Let’s talk about the King’s Landing plot in 5x06

So. After spending 3 days in very much needed discussion, I want to take the task of picking apart the King’s Landing plotline. Because the more I think about it the less sense it makes.

1. The Sparrows (the Faith Militant, the Faith Taliban, what have you) are able to burst into brothels to arrest clients engaging in homosexual intercourse. They are able to smash merchandise. They are able to arrest the HEIR of Highgarden based on a rumor that he might enjoy the company of men. According to Lancel it’s a “new” King’s Landing from which the godless have fled. But Batfinger, the most prominent brothel owner, says “the Queen is waiting,” and that’s that? Let’s be honest: they thought of the “we both peddle dreams” line and wanted to use it. Who needs logic?


2. Carol summoned Batfinger and had “urgent” need of him. This is what she told Qyburn in 5x03. Yet all she did was go, “hey you’re still loyal, right?” At the time I thought she wanted Batfinger because she would get him to help her set up Marg. And you know what, given that Olyvar works for Batfinger, isn’t that what should have happened? I feel like there was a missing scene where Batfinger convinces him to testify (and Carol asked for Marg to get thrown in or something) because otherwise wasn’t it a little too convenient? And why would Olyvar testify against Loras?

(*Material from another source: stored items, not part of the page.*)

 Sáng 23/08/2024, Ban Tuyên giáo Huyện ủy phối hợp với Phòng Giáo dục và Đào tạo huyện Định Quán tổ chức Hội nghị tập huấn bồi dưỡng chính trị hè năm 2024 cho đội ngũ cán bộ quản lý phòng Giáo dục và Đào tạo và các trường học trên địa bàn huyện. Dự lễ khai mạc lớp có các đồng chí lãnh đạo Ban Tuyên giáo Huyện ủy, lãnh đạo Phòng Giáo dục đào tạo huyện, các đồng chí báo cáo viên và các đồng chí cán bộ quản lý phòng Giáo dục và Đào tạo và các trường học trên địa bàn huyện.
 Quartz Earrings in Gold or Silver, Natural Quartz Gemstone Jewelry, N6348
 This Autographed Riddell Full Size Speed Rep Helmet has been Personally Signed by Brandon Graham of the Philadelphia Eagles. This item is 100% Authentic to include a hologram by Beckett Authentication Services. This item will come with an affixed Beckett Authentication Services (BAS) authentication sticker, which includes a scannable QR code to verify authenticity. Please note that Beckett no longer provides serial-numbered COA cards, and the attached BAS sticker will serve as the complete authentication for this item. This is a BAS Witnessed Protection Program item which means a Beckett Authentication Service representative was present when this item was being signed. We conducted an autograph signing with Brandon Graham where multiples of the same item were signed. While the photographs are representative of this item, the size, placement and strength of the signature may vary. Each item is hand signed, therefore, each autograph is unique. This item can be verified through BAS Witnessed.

I already talked about why Batfinger was stupid in my recap or my musings or something, but I’ll reiterate. For one, he trusted a raven to tell Roose Bolton that he had the #1 fugitive in Westeros (which is idiotic for numerous reasons), but he couldn’t trust a raven to King’s Landing to tell Carol about it? Or did he want to be there in person to suggest the Vale Lords? Because he probably could have included all of that in a letter. Secondly, Carol clearly isn’t fact-checking. She thought Batfinger was still in the Eyrie (and he knew this). So what’s to stop him from say, not sending Sansa to Winterfell, but just telling Carol the Boltons are having this wedding and can he send the Vale Lords? Or how about this: why doesn’t he just not say anything, and send the Vale Lords to clean up after the Boltons vs. Stannis and claim Winterfell no matter what? Because literally the only way this plot makes sense is if Batfinger legitimately wants to kill Sansa at the end of all of this. Maybe I am super mis-reading everything, but that happens to be the one thing I am sure he wouldn’t do.

So…Batfinger was down in King’s Landing because they wanted Sansa to be alone in Winterfell. That’s what happened. We can agree, right?

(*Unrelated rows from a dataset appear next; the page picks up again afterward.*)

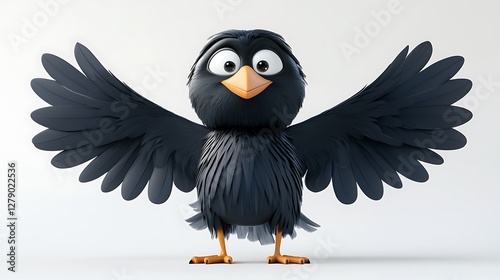 Naklejka premium Animated cartoon raven spreading wings studio digital art white background
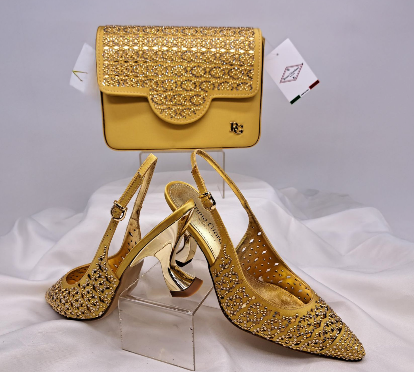 Crafted to perfection, the pointed-toe slingback heels are adorned with exclusive gold stones on a rich satin base, finished with a gleaming 3-inch sculpted luxury heel. The matching clutch dazzles with a lattice of sparkling embellishments that shimmer under every light, adding sophistication to your most memorable occasions.
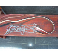 Kožené vodítko s řetízkem k halter ohlávkám. Materiál: kůže 3mm silná Šířka: 22mm Délka s řetí
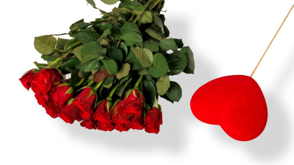 Ανθοδέσμη με 20 Κόκκινα Τριαντάφυλλα και Στικ Καρδιάς - Image 1
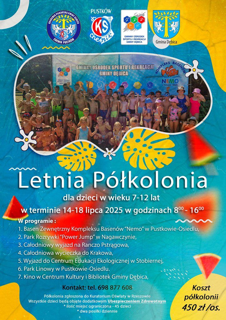Gminny Ośrodek Sportu i Rekreacji Gminy Dębica wraz z partnerami organizuje letnią półkolonię dla dzieci i młodzieży z Gminy Dębica! 🌞
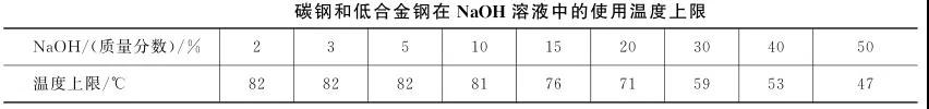如,含質量分數 0.73% 的 Ti ( C 質量分數 0.105% )鋼試樣,經 650~750℃ 的保溫,然后爐冷,使到達斷裂時間從 150h 延長到 1000h 。按HG / T20581的7.8 使用介質的限制,碳鋼和低合金鋼在NaOH 溶液中的使用溫度上限見下表。
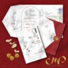 – Tờ báo hỷ: 12cm x18cm….(option), in 2 mặt – giấy mỹ thuật tiêu chuẩn định lượng 250gsm
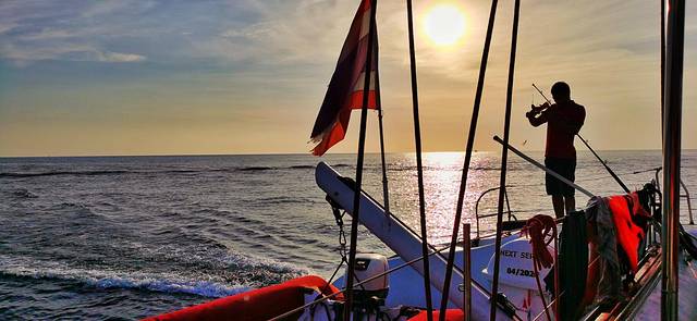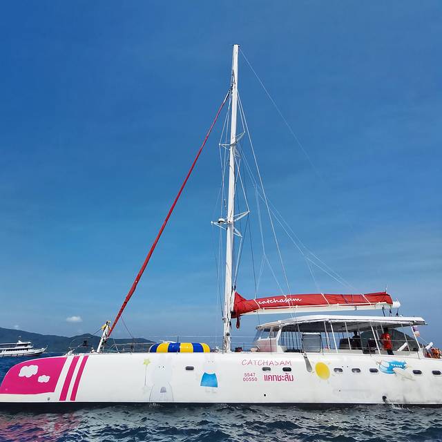 我们在网上订了帆船出海的行程,主要活动包括“珊瑚岛+皇帝岛+海钓”。
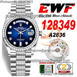 EWF DayDate 36 128349 A2836 Automatic Mens Watch Blue Dial Diamond Bezel And President Bracelet Best Edition $660.00 $550.00
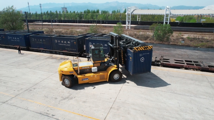 该设备搭载可旋转式集装箱专用吊具,操作安全性高,能够实现迅速移位、精准装卸,覆盖铁路20英尺干散货箱、敞顶箱等各种箱型。既能完美避开接触网安全距离,又能解决多层集装箱存取难题,真正实现“一机多用”。
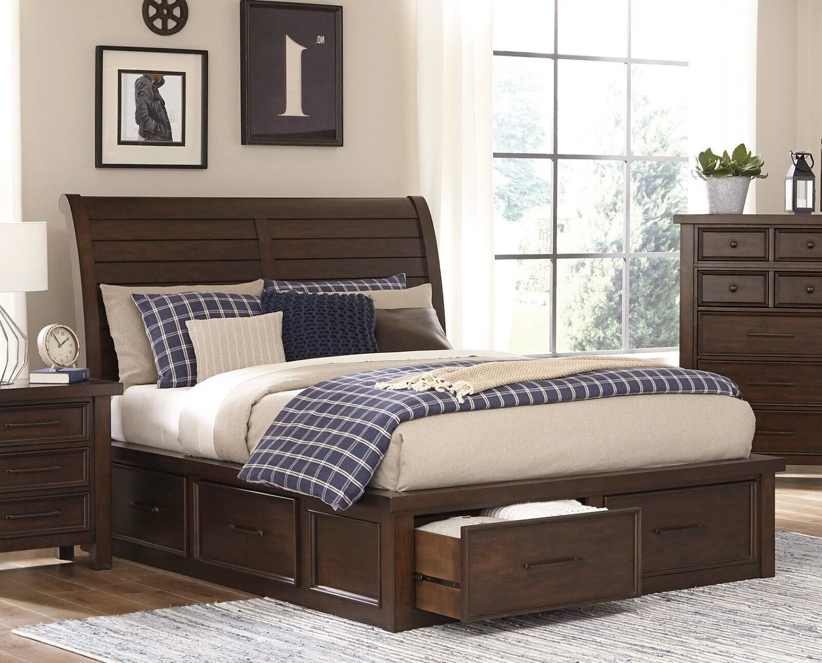 Transitional Brown Finish 1pc Eastern King Size Storage Bed Sleigh Headboard 6x Drawers Classic Design Furniture

3. Olenna marches in and demands that her family’s heir be released, and Carol is all “you’re bluffing, you don’t want war again.” And then Olenna seems to agree with that sentiment. So…seriously? There really wouldn’t be a repercussion against the Lannisters (or the Sparrows) for arresting the Heir to Highgarden? If the Tyrells won’t go to war over the future of their House, what will they go to war for? And WHY was Olenna brought back other than to talk about shit and tarts? Oh wait…that is why.

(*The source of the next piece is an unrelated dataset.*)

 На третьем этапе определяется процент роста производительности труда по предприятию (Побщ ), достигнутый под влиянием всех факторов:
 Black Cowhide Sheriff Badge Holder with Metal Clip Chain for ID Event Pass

4. Clearly Olyvar told the High Sparrow about being with Loras and Marg knowing ahead of times, because that’s how the High Sparrow knew to ask those questions. Does that mean the High Sparrow is Carol’s lackey? Because wtf would he gain from arresting the Queen and pissing her off? He didn’t have to question her; it was a clear perjury trap. So what was his beef with her? Or is it that she tolerates gay people so therefore she must go…ya know…the worst crime and all.

 5. It is total he-said-she-said, especially for whether Marg ever witnessed anything because it’s not like she has a birthmark that can be discussed. Even more, it’s 2-1 he-said-she-said where we have the word of the Queen and the Heir of Highgarden vs. a random squire/sex worker. Why would anyone believe him?

6. Squires see their knights naked. Even if they didn’t, no one bothered to check for the birthmark before carting everyone away.

7. This is where aging up Tommen doesn’t really work. He just sat there.

At least it wasn’t as actively insulting to our intelligence as Dorne?